Она опять поклонилась жестко и оцепенело, словно марионетка, и направилась к выходу.
Пока Антония громко протестовала, дверь отворилась и мы увидели Палмера. Он поднял руки, продемонстрировав этим жестом неподдельное удивление и радость, и, широко раскинув их, двинулся к смутившейся Джорджи, словно отец к давно потерянному и нашедшемуся ребенку.
— Я чуть было не упустил ее, — весело воскликнул он. — Меня задержал пациент. Они все такие требовательные! Простите мое вольное обращение, Джорджи Хандз. Я полагаю, что у нас масса общих знакомых.
— Она знает твою сестру, — сказал я, встав позади Джорджи. Я был готов выпроводить ее. С меня уже хватало разговоров.
— Я видела вас однажды на вечере, — пояснила Джорджи, — но вы меня, наверное, не запомнили. — Она протянула руку.
— Тем хуже для меня! — проговорил Палмер. — Пожалуйста, останьтесь, и выпьем еще немного. Наконец-то мы можем как следует познакомиться. — Он удержал руку Джорджи в своей. Она словно застыла и не отнимала ее, а он отступил назад, вытянув другую руку и с восхищением глядя на Джорджи.
— Мы должны идти, — напомнил я.
— Ладно, Мартин, — бросил Палмер, по-прежнему не отпуская Джорджи и обернувшись ко мне. — Ты счастливчик! Нет, я обязан отстоять свои права. Джорджи, я запрещаю вам даже говорить об уходе!
Звук в комнате заставил нас повернуться. Антония приложила к лицу носовой платок. Она глубоко вздохнула и зарыдала. Палмер отпустил Джорджи, и я пропихнул ее мимо него. Когда он направился к Антонии, я подтолкнул Джорджи к двери. Антония тряслась в сдерживаемых рыданиях, а затем упала в кресло и разразилась потоком слез. Я закрыл за Джорджи дверь, оставив Палмера применять все современные психологические методы для успокоения истерических женщин.
ГЛАВА ТРИНАДЦАТАЯ
Мне было просто необходимо снова увидеться с Антонией. После того как мы покинули Пелхам-крессент, мои любовь и забота остались с ней. Я не мог отделить себя от нее, словно она была моей матерью. Столкновение двух женщин заставило меня ощутить, пусть даже на мгновение, но с саднящей горечью, какие тесные и вполне реальные узы связывают меня с Антонией и как абстрактны узы связи с Джорджи. При этом Антония приводила меня в раздражение. Я чувствовал, что каждый ее излом и выверт, равно как и прочие утонченные выкрутасы, неминуемо должны вызывать раздражение и у Джорджи. В то же время меня возмущало ее заигрывание с Джорджи, возмущали осторожные, обдуманные, облагороженные ее стилем попытки судить нас. Я решил расстаться с Джорджи и вернуться к Антонии.

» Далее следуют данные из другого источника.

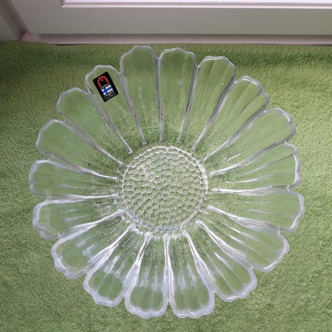 korkeus n.5cm, yläosan halkaisija ulkomitta n.19cm, muutama kaunis ilmakupla terälehdissä, hyvin vähäistä jälkeä

Я отвез Джорджи домой. Мы молчали, потому что и правда страшно вымотались. Когда мы приехали, она предложила мне поужинать, и я остался у нее есть хлеб с сыром. Сама Джорджи никогда не готовила, и я тоже готовить не любил. Итак, мы жадно ели хлеб с сыром и обменивались угрюмыми взглядами, пытаясь, впрочем, смягчить их при помощи виски с водой. Я ощутил, что сейчас не выдержу какого бы то ни было взрыва эмоций со стороны Джорджи, и мечтал поскорее уйти. Но когда мы закончили ужинать, произошло именно то, чего я боялся. Я вынужден был напрячь последние силы и не мог найти нужные доводы, чтобы ее успокоить. Она пощадила меня и не стала плакать. Но и она, и я хорошо запомнили ее фразу: «Вряд ли он вообще женится на мне». Я думаю, что для нее эта фраза была своеобразным барьером, воздвигнутым между нами, и теперь Джорджи хотела, чтобы я со всем пылом и нежностью постарался его уничтожить. А для меня она создала какое-то подобие моратория, кратковременную нейтральную полосу, где я мог бы — и как же при моей усталости в этом нуждался — полностью отдохнуть. Я не намеревался произносить страстные, утешительные речи, а Джорджи явно хотела их услышать и подзуживала меня. Она произнесла те слова как вызов. Я же воспринимал их молча и с благодарностью как возможность передохнуть.